Will Levinas go on to tell us that the tautologicality of self-identity gives way to heterologicality? All we have been told up to this point about heterologicality is that it is—otherwise than being. Why should this be a reason for saying that identity with oneself takes on a dramatic form? Are we to expect, in the words with which one dictionary defines 'drama', a 'set of events having the unity and progress of a play and leading to catastrophe or consummation'? Does his 'dramatic' have the force it has when used of utterances that are, as the same dictionary says, 'not to be taken as one's own', when instead of being attributed to an authorial 'I' the words are put in the mouth of a dramatis persona, whether a she or a he, an il—or an Il? We can perhaps expect at the very least that the word 'dramatic' here is being used with its root meaning, from draô ('to do, be doing, accomplish or fulfil'). If this is so, however, the doing in question cannot be the activity (activité) of creation that Bergson ascribes to the élan vital.
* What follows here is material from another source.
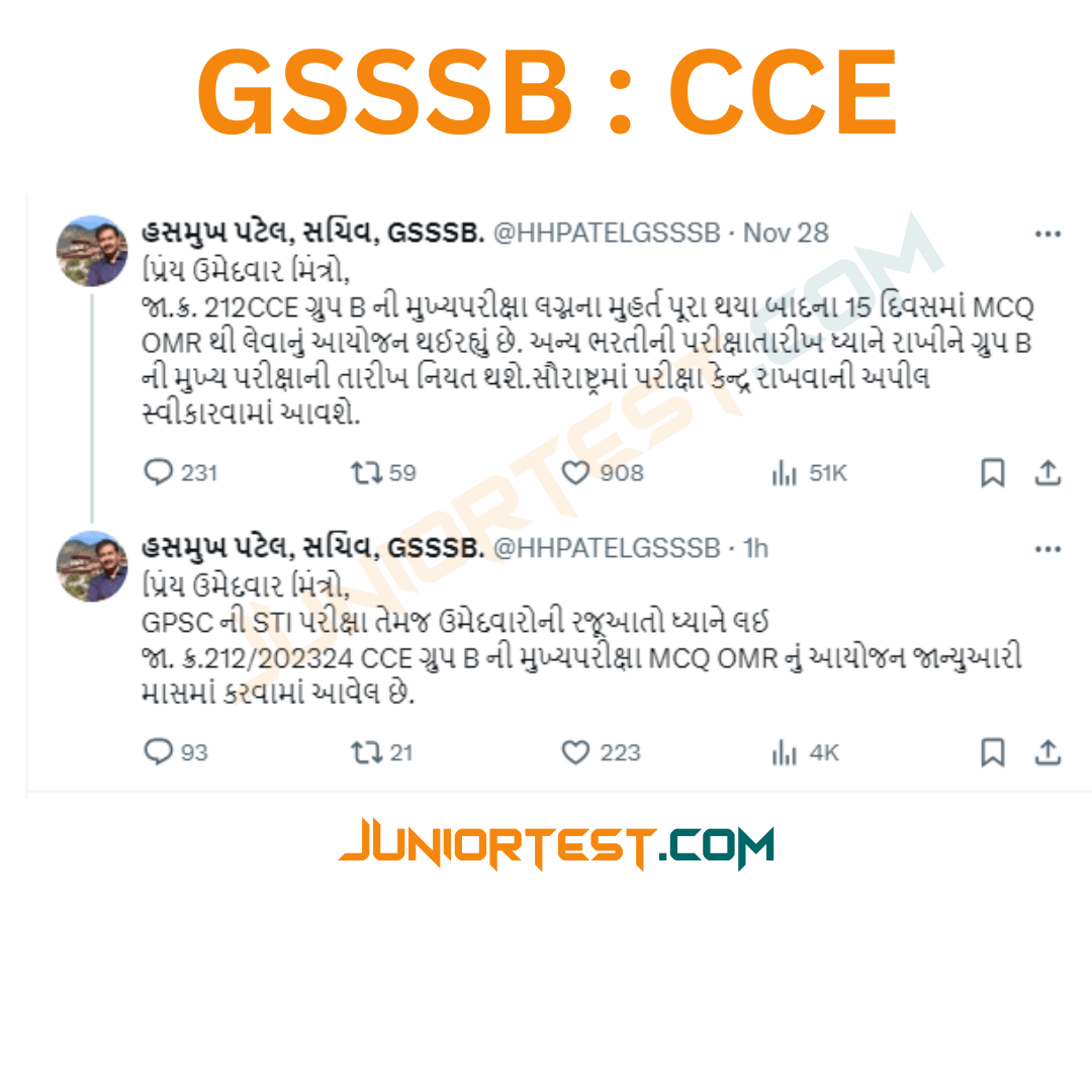 CCE Group - B ની પરીક્ષાની તારીખમાં ફેરફાર

It cannot be that of Bergsonian creative becoming because Levinas has just been arguing that however successfully that becoming escapes the prison of the present by immediately making it past, the creative activity itself is still in the service of being.
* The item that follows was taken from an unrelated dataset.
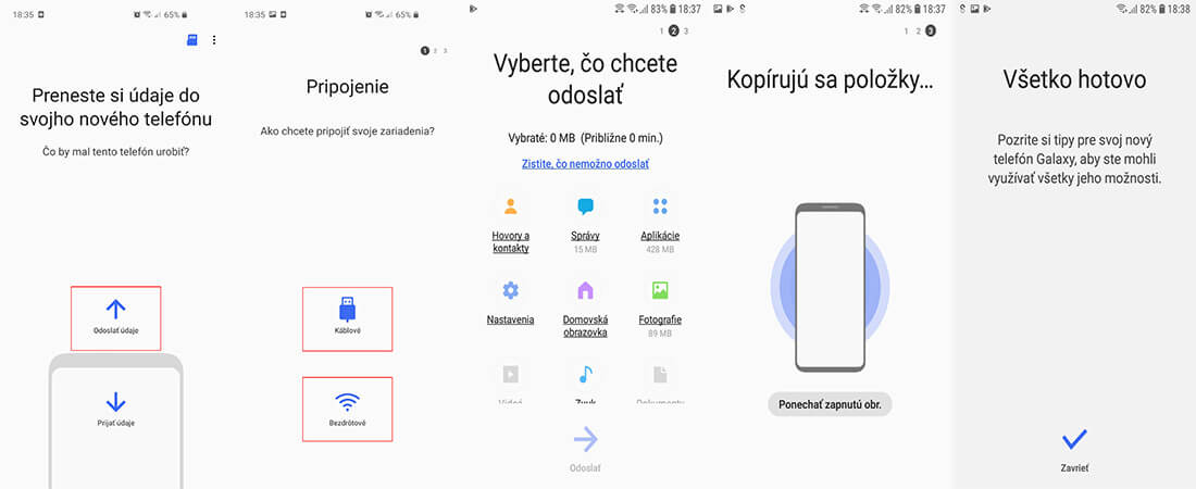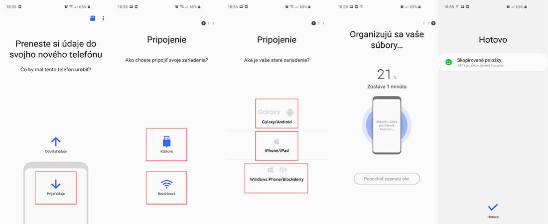 - Vybrané údaje sa vám začnú odosielať zo starého do nového zariadenia. Čas odoslania a prijatia záleží od veľkosti položiek. Ak vám v starom zariadení ukáže “Všetko hotovo”, v novom zariadení to môže ešte chvíľu trvať, kým vám údaje spracuje a zobrazí.

Yet, if this dramatic deed or accomplishment is not activity or creation in Bergson's sense, in what sense can it be suffering? How can the dramatic form be a form of suffering? How is this duality to be understood? One clue to be followed is the statement that the identity of the self's being reveals itself as imprisonment because it appears as suffering. Being is suffered as imprisonment, as being riveted, enchained. Experienced as suffering, being is already an invitation to escape. The 'and' of 'and it is an invitation to escape' seems to be an implication of rather than an addition to the suffering, just as the first word of the sentence immediately following this clause seems to introduce not simply independently but as a consequence the idea that the escape to which the suffering of being invites the self is the need of going out of itself. This is an idea that calls for a closer scrutiny of the 'is', of being itself. Could it be that being is not itself? Could we say that where there is being, where il y a de l'être, there is evasion, il y a de l'évasion, so that just as books entitled De la grammatologie and De l'esprit might help their readers understand what they are about by giving them a helping of grammatology and spirit or wit, the De of De l'evasion might be not simply a preposition, but also a partitive pronoun, so that while the title announces an essay about or concerning evasion, it could at the same time announce an essay that is in some way a performance, a dramatic performance of evasion?
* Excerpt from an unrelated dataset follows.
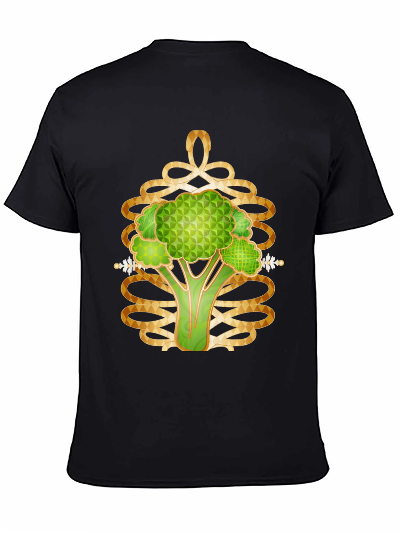 Elevate your style with this unique graphic tee! Featuring an eye-catching, stylized broccoli design, this black t-shirt is sure to turn heads. The broccoli is intricately detailed with a geometric pattern and accented with gold flourishes, giving it a modern, artistic vibe. Perfect for casual wear, this tee can be paired with jeans or shorts for a relaxed yet fashionable look. Made from a soft, breathable fabric, it ensures all-day comfort. Stand out from the crowd and express your individuality with this bold and creative t-shirt. It's a must-have addition to any wardrobe!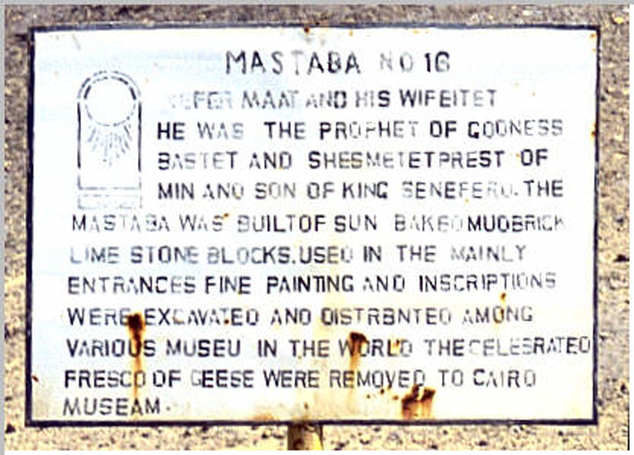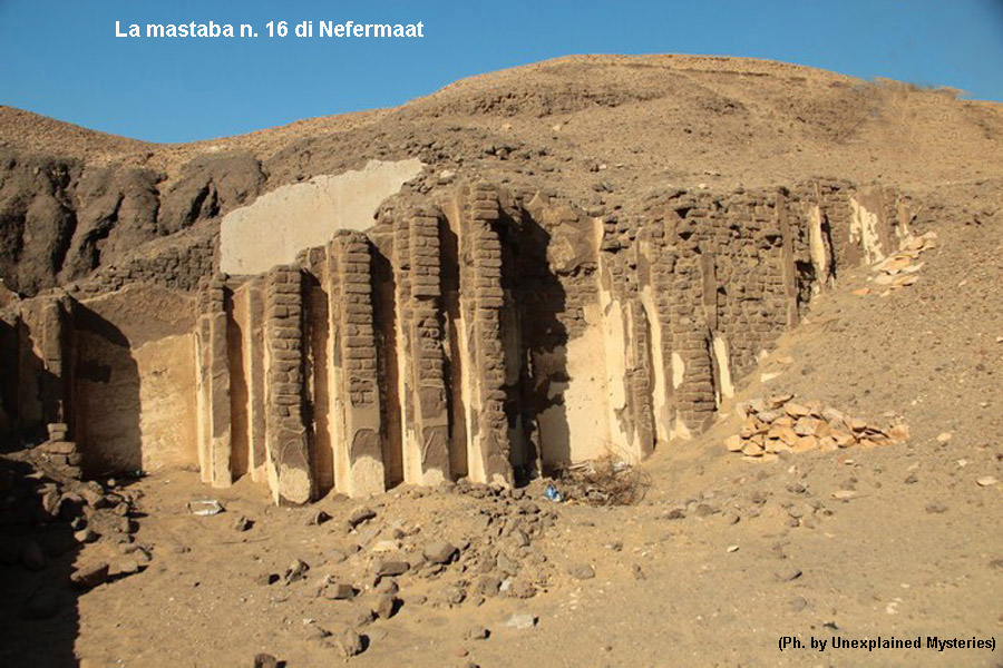 Qui Mariette, nel 1871, scoprì la mastaba n. 16, il cui proprietario era il principe Nefermaat, (Maat è splendida), e di sua moglie Atet. All’interno furono rinvenuti due bassorilievi raffiguranti scene di caccia e piccoli animali.

But of what sort is that other interesting 'of in the assertion that evasion is the need of going out of oneself? The logic of this would be odd if evasion or escape here meant the same as going out of oneself (and how could the Latin root evadere not mean 'to go out'?), for in that case the assertion would be that going out of oneself is the need of going out of oneself. In the light of our analysis of the sentence immediately preceding it it looks as though we are being given to understand that the very identity of the oneself incorporates the need of being quit of oneself, and that the second de of the phrase le besoin de sortir de soi-même admits translation both as 'from' and as 'of'. One's self is from the start the need to leave oneself. The unity of the self labours in the pain of a need to be outside itself. Its unity is a disunity. Oneself is a twoself.

Is its labour labour lost? Is its pain pain in vain? If the tie I need to break is strictly irremissible, the need to break it can never be met. Levinas says however that the need in question is to break 'the most irremissible' enchainment. His admission of degrees means that whether the need can be met or not remains to be shown. The paragraph is avowedly proleptic.